Work order: Print the entire listing below word for word, excluding its pictures.

--- Data excerpts Enclosed Below ---

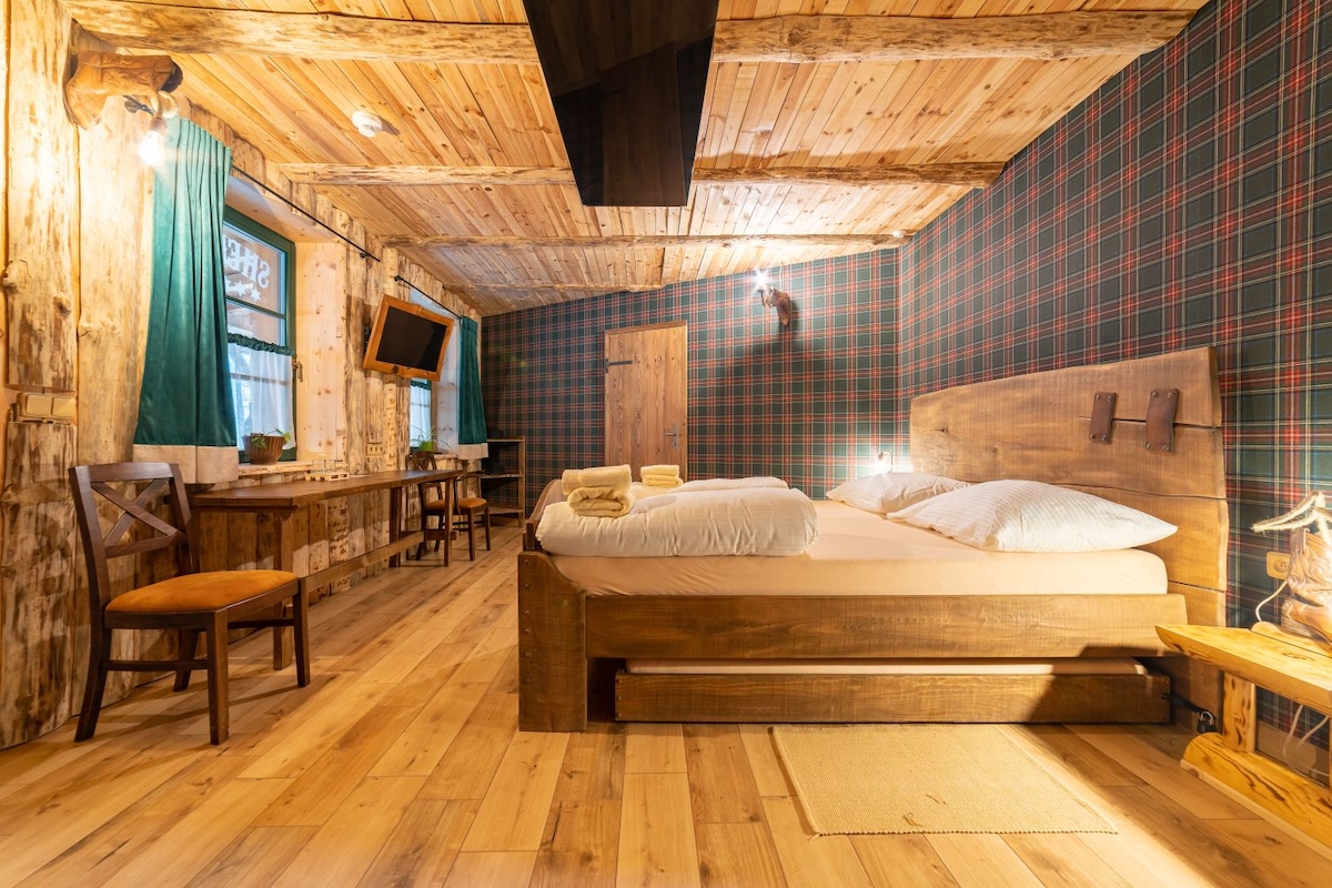 Táto dvojlôžková izba, nazývaná Room Rider Engi, sa nachádza na prízemí a je možné do nej pridať výsuvnú prístelku, čo poskytuje väčší komfort a flexibilitu pre našich hostí.
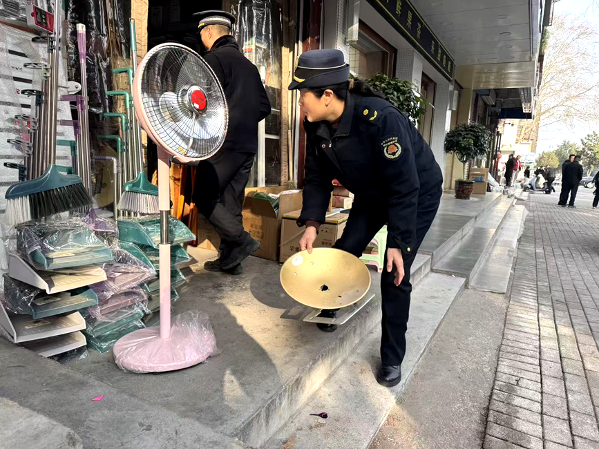执法人员提醒商家切勿在门前堆放杂物。蔡昀贝摄
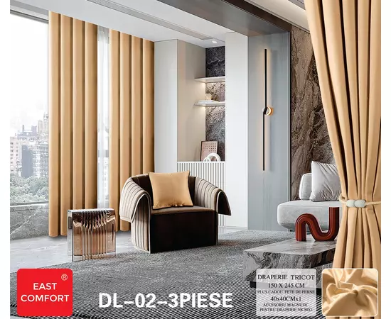 Draperiile sunt potrivite pentru orice interior, precum camera de zi, dormitor, spațiu de birou, și alte încăperi. Vă oferă intimitate și vor bloca lumina solara in proportie de 70 – 90%, reducand in acelasi timp si incalzirea camerei in zilele calduroase Eficiente si împotriva curentului de aer iarna.
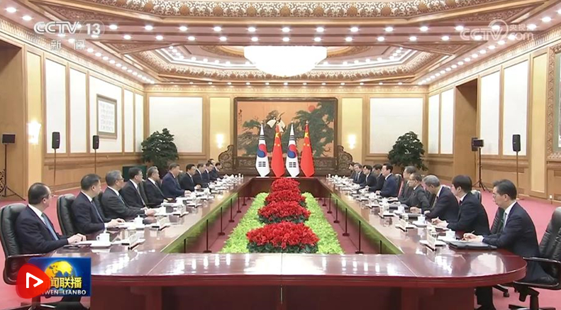 习近平指出,当前世界百年变局加速演进,国际形势更加变乱交织。中韩在维护地区和平、促进全球发展方面肩负重要责任,有广泛利益交集,应当坚定站在历史正确一边,作出正确战略选择。80多年前,中韩两国付出巨大民族牺牲,赢得抗击日本军国主义的胜利。今天更应携手捍卫二战胜利成果,守护东北亚和平稳定。作为经济全球化的受益者,中韩要共同反对保护主义,践行真正的多边主义,为推进平等有序的世界多极化、普惠包容的经济全球化作出贡献。
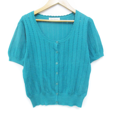 【中古】クリアインプレッション ニットカーディガン 薄手 ミドル丈 半袖 かぎ編み 2 エメラルドグリーン レディース
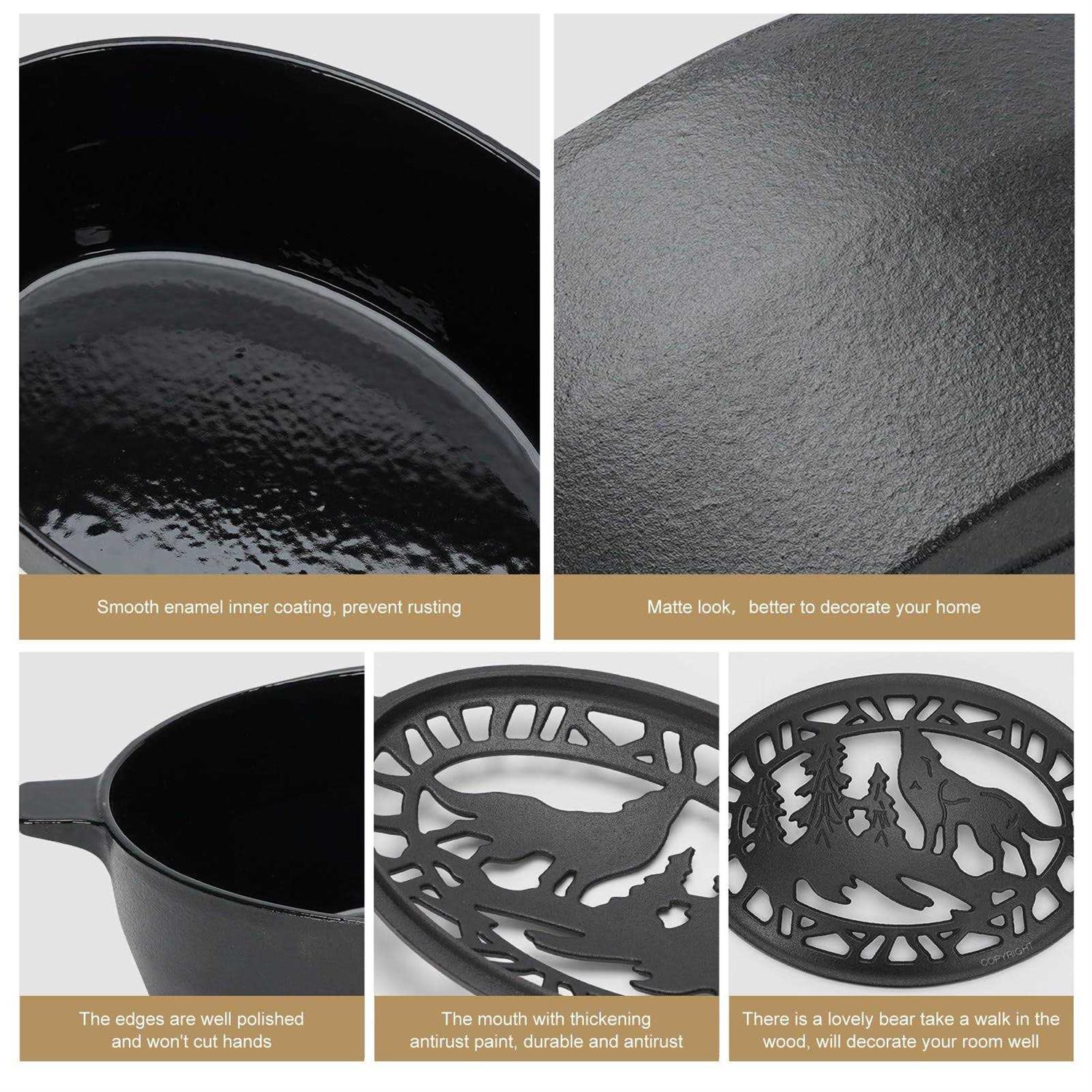 [Rust-Resistant]Our wood stove steamer is made of heavy duty cast iron. With smooth enamel inner coating, prevent from rusting. Total 9 LB, prevent children and pets from moving [2.8L/2.5Qt Large Capacity]This fireplace humidifier with large capacity, not need add water frequently when fireplace wood burning. The cover with hollowed bear pattern convience to add water. Aromatic can be added [Easy to Clean] The Lid can be remove, smooth enamel inner can be clean with wet cloth. The sharp objects will scratch cast iron steam pot.Please do not put it in strong corrosive, strong acid water. [Natural Wood Stove Humidifier] This cast iron steamer for wood stove no electricity required, eco-friendly and energy saving. As long as your fireplace temperature rises up, the steam will be produced, increasing air humidity quickly. [Copyright Pattern] The lid of wood stove steamer with a lovely bear take a walk in the wood with matte look. Retro and witty, will decorate your room well. And will be a perfect gift for Christmas, Thanksgiving and so on. This is the wonderful wood stove steamer for your home! Compare with the traditional humidifiers, it no electricity need, natural increase the air humidity, alleviates the skin to be dry, cough and nose bleeding. No noisy. Easy to clean and refill. Simple structure makes it not easy to breed bacteria. With Matte outside look and lovely bear take a walk in the wood pattern, it will better to decorate the home.Why don’t choose it? Start a only for winter romance!

--- End of Enclosed Data excerpts ---

Task solution:
 Táto dvojlôžková izba, nazývaná Room Rider Engi, sa nachádza na prízemí a je možné do nej pridať výsuvnú prístelku, čo poskytuje väčší komfort a flexibilitu pre našich hostí.
执法人员提醒商家切勿在门前堆放杂物。蔡昀贝摄
 Draperiile sunt potrivite pentru orice interior, precum camera de zi, dormitor, spațiu de birou, și alte încăperi. Vă oferă intimitate și vor bloca lumina solara in proportie de 70 – 90%, reducand in acelasi timp si incalzirea camerei in zilele calduroase Eficiente si împotriva curentului de aer iarna.
 习近平指出,当前世界百年变局加速演进,国际形势更加变乱交织。中韩在维护地区和平、促进全球发展方面肩负重要责任,有广泛利益交集,应当坚定站在历史正确一边,作出正确战略选择。80多年前,中韩两国付出巨大民族牺牲,赢得抗击日本军国主义的胜利。今天更应携手捍卫二战胜利成果,守护东北亚和平稳定。作为经济全球化的受益者,中韩要共同反对保护主义,践行真正的多边主义,为推进平等有序的世界多极化、普惠包容的经济全球化作出贡献。
 【中古】クリアインプレッション ニットカーディガン 薄手 ミドル丈 半袖 かぎ編み 2 エメラルドグリーン レディース
 [Rust-Resistant]Our wood stove steamer is made of heavy duty cast iron. With smooth enamel inner coating, prevent from rusting. Total 9 LB, prevent children and pets from moving [2.8L/2.5Qt Large Capacity]This fireplace humidifier with large capacity, not need add water frequently when fireplace wood burning. The cover with hollowed bear pattern convience to add water. Aromatic can be added [Easy to Clean] The Lid can be remove, smooth enamel inner can be clean with wet cloth. The sharp objects will scratch cast iron steam pot.Please do not put it in strong corrosive, strong acid water. [Natural Wood Stove Humidifier] This cast iron steamer for wood stove no electricity required, eco-friendly and energy saving. As long as your fireplace temperature rises up, the steam will be produced, increasing air humidity quickly. [Copyright Pattern] The lid of wood stove steamer with a lovely bear take a walk in the wood with matte look. Retro and witty, will decorate your room well. And will be a perfect gift for Christmas, Thanksgiving and so on. This is the wonderful wood stove steamer for your home! Compare with the traditional humidifiers, it no electricity need, natural increase the air humidity, alleviates the skin to be dry, cough and nose bleeding. No noisy. Easy to clean and refill. Simple structure makes it not easy to breed bacteria. With Matte outside look and lovely bear take a walk in the wood pattern, it will better to decorate the home.Why don’t choose it? Start a only for winter romance!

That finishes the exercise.